Try it -> A faithful copy of the data, pictures omitted, is the required answer.

Exercise data ->
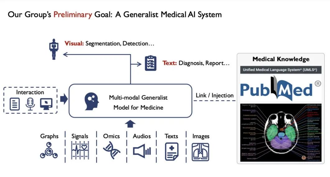 团队希望在建立通用模型时,将获得的所有多模态数据联合训练,包括图像、文本、基因组学、ECG 信号等。,并以影像中的疾病定位、文本级诊断和报告作为最基本的导出方法。在训练过程中,在实现通用功能中,医学常识的嵌入也是必不可少的一环。「这是因为医院很多科室的任务不一样,医生往往更注重自己的部分。我们希望通用模型能够覆盖所有的检查信息,在处理任务后形成循序渐进的思维链,完成识别诊断等任务。」,谢伟迪介绍道。
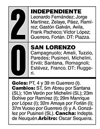 Independiente sacó ventajas justas pero acaso excesivas a través del recuperado Guerrero –se fue muy aplaudido al final– en dos jugadas del primer tiempo en que la defensa de San Lorenzo se equivocó. A los 5 minutos, Guerrero convirtió como consecuencia de una serie de rebotes que se originaron tras un centro del uruguayo Víctor López y una salida deficiente de Gustavo Campagnuolo. A los 39, nuevamente Guerrero dominó con el pecho entre los dos marcadores centrales de San Lorenzo una pelota colocada por Leandro Avila con precisión –pero desde muy lejos– y fusiló a Campagnuolo.
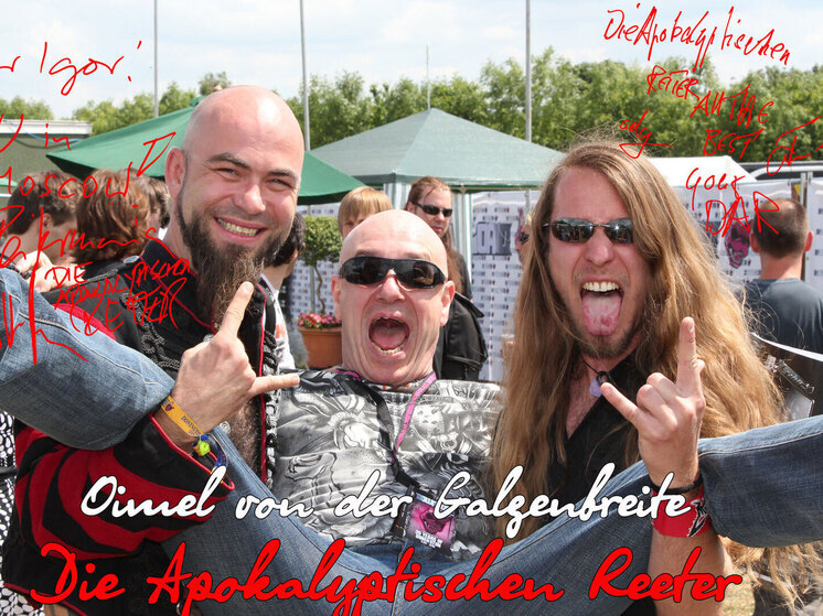 Пока мы болтали, подошел басист Volk-Man и рассказал забавную историю: когда-то, на одном из их первых концертов «Всадников» в маленьком клубе под Йеной, во время выступления у них пропало электричество. Темнота, тишина, публика замерла. И тут Фукс, не растерявшись, схватил мегафон, оказавшийся по случаю в груде реквизита, и заорал: «Апокалипсис наступил! Но мы живы и играем а капелла!» И вся толпа, не видя в кромешной тьме музыкантов, пела с ними хором почти полчаса! «После этого нас уже невозможно было выключить», — с удовольствием заключил Volk-Man.
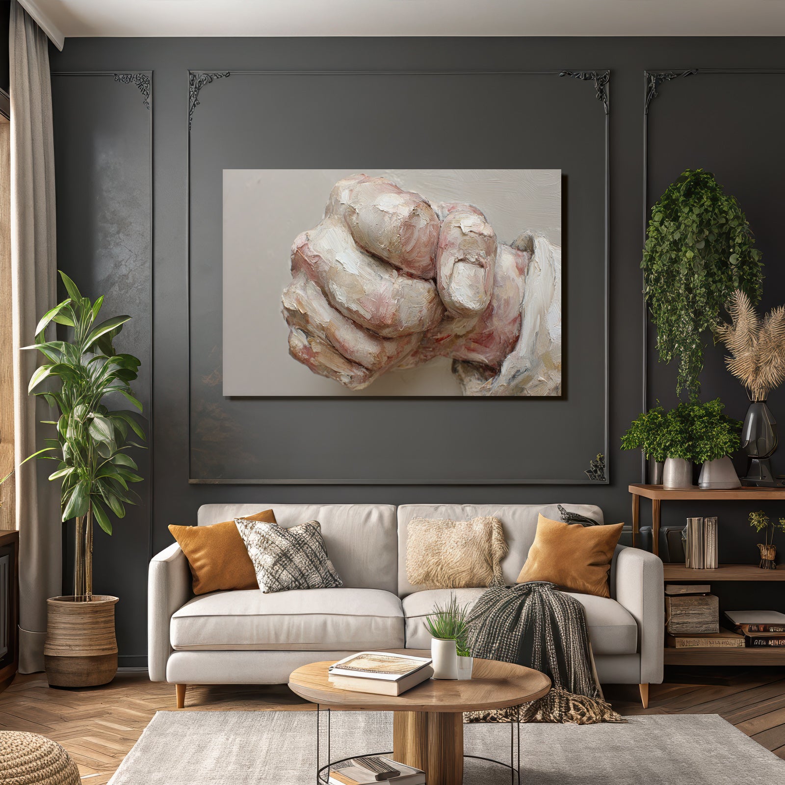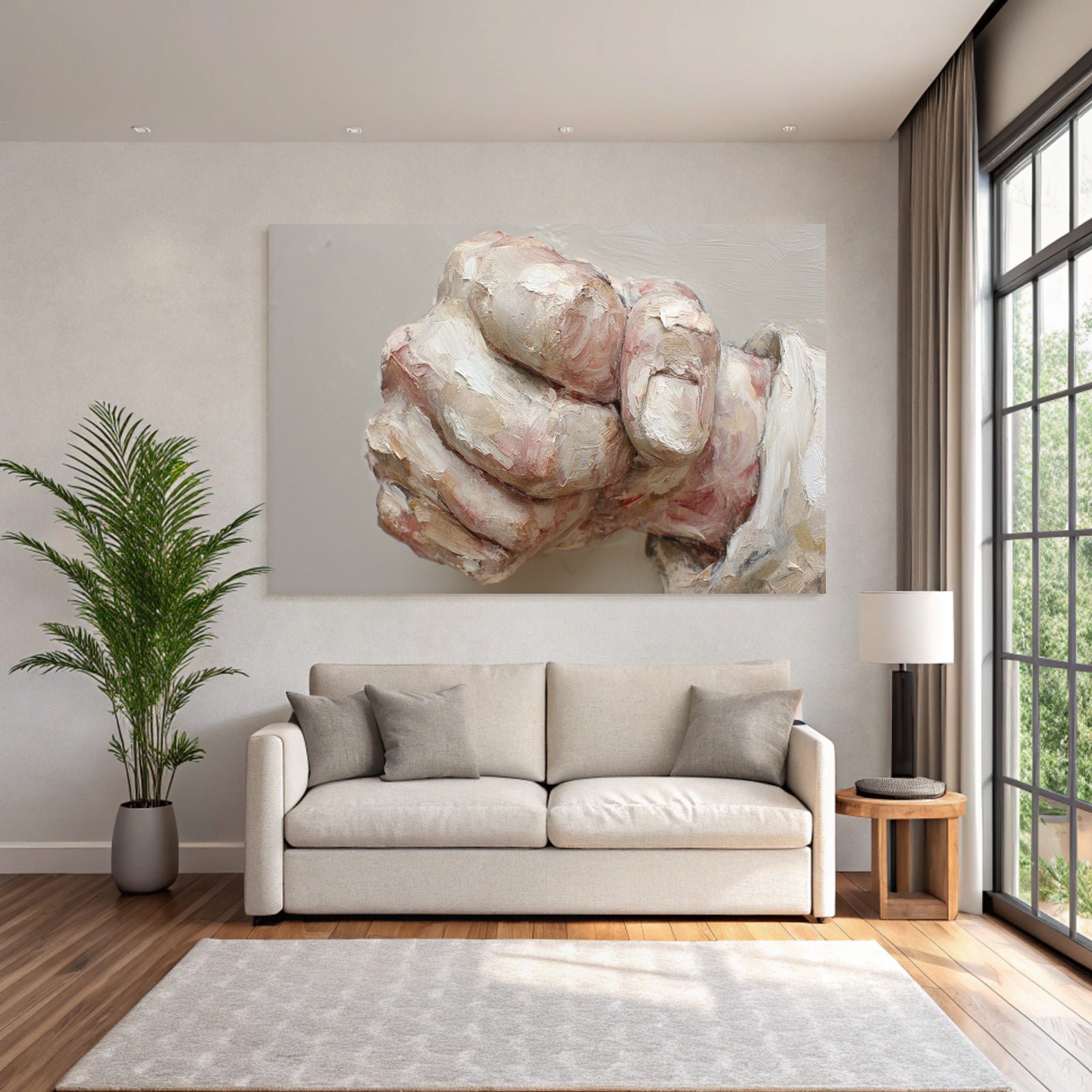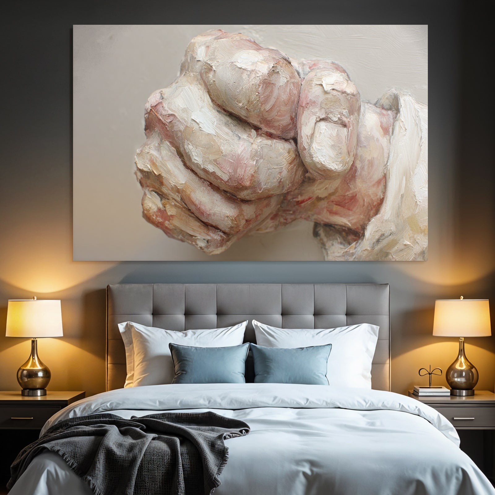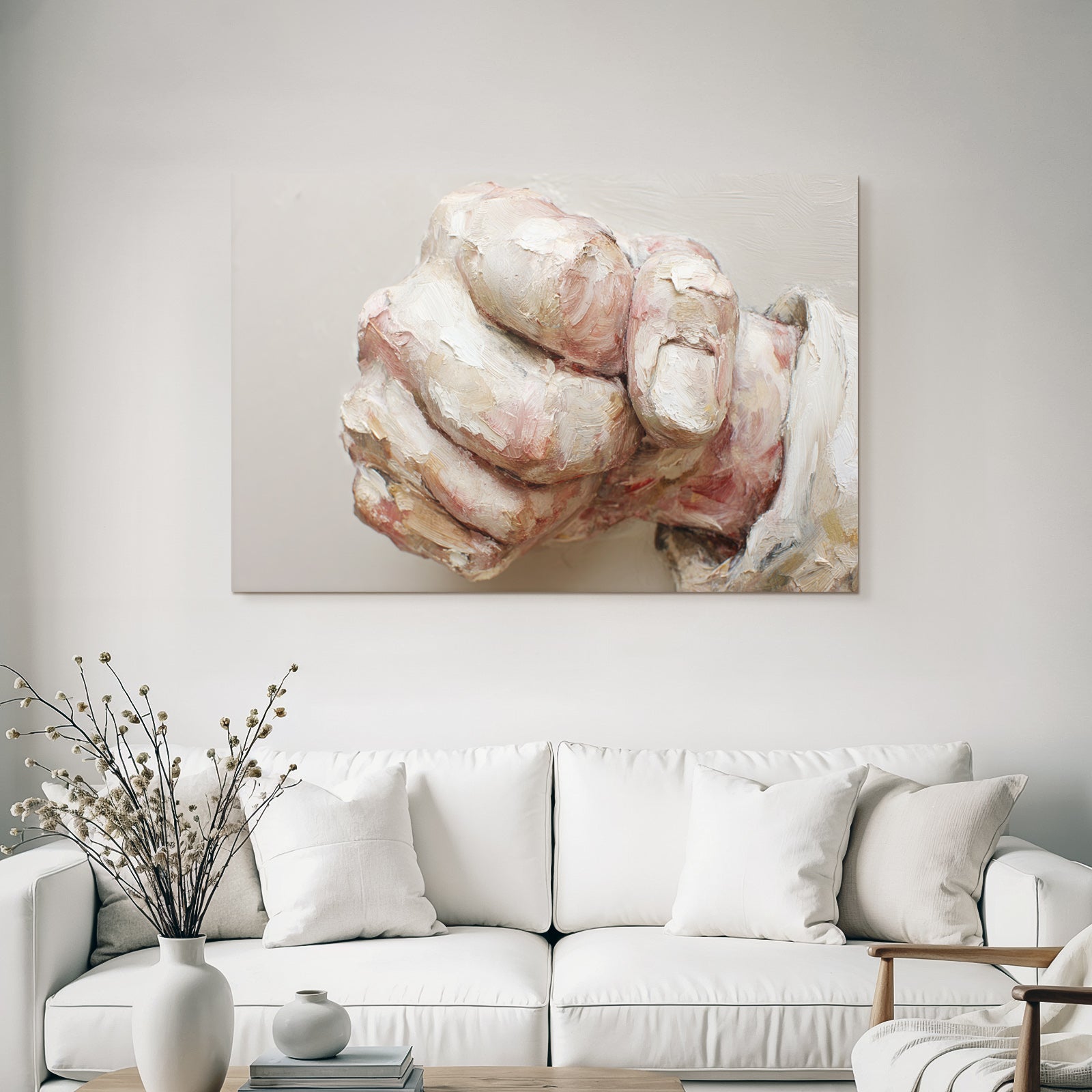 Für Liebhaber des Hände und Gestik-Looks: Das Kunstwerk „Porträts Naheaufnahme Einer Gemalten Faust Mit Textur Und Detail“ bringt die charakteristischen Merkmale dieses Stils brillant auf Stoff – perfektioniert durch den FameFrame™.

Answer area ->
 团队希望在建立通用模型时,将获得的所有多模态数据联合训练,包括图像、文本、基因组学、ECG 信号等。,并以影像中的疾病定位、文本级诊断和报告作为最基本的导出方法。在训练过程中,在实现通用功能中,医学常识的嵌入也是必不可少的一环。「这是因为医院很多科室的任务不一样,医生往往更注重自己的部分。我们希望通用模型能够覆盖所有的检查信息,在处理任务后形成循序渐进的思维链,完成识别诊断等任务。」,谢伟迪介绍道。
 Independiente sacó ventajas justas pero acaso excesivas a través del recuperado Guerrero –se fue muy aplaudido al final– en dos jugadas del primer tiempo en que la defensa de San Lorenzo se equivocó. A los 5 minutos, Guerrero convirtió como consecuencia de una serie de rebotes que se originaron tras un centro del uruguayo Víctor López y una salida deficiente de Gustavo Campagnuolo. A los 39, nuevamente Guerrero dominó con el pecho entre los dos marcadores centrales de San Lorenzo una pelota colocada por Leandro Avila con precisión –pero desde muy lejos– y fusiló a Campagnuolo.
 Пока мы болтали, подошел басист Volk-Man и рассказал забавную историю: когда-то, на одном из их первых концертов «Всадников» в маленьком клубе под Йеной, во время выступления у них пропало электричество. Темнота, тишина, публика замерла. И тут Фукс, не растерявшись, схватил мегафон, оказавшийся по случаю в груде реквизита, и заорал: «Апокалипсис наступил! Но мы живы и играем а капелла!» И вся толпа, не видя в кромешной тьме музыкантов, пела с ними хором почти полчаса! «После этого нас уже невозможно было выключить», — с удовольствием заключил Volk-Man.
 Für Liebhaber des Hände und Gestik-Looks: Das Kunstwerk „Porträts Naheaufnahme Einer Gemalten Faust Mit Textur Und Detail“ bringt die charakteristischen Merkmale dieses Stils brillant auf Stoff – perfektioniert durch den FameFrame™.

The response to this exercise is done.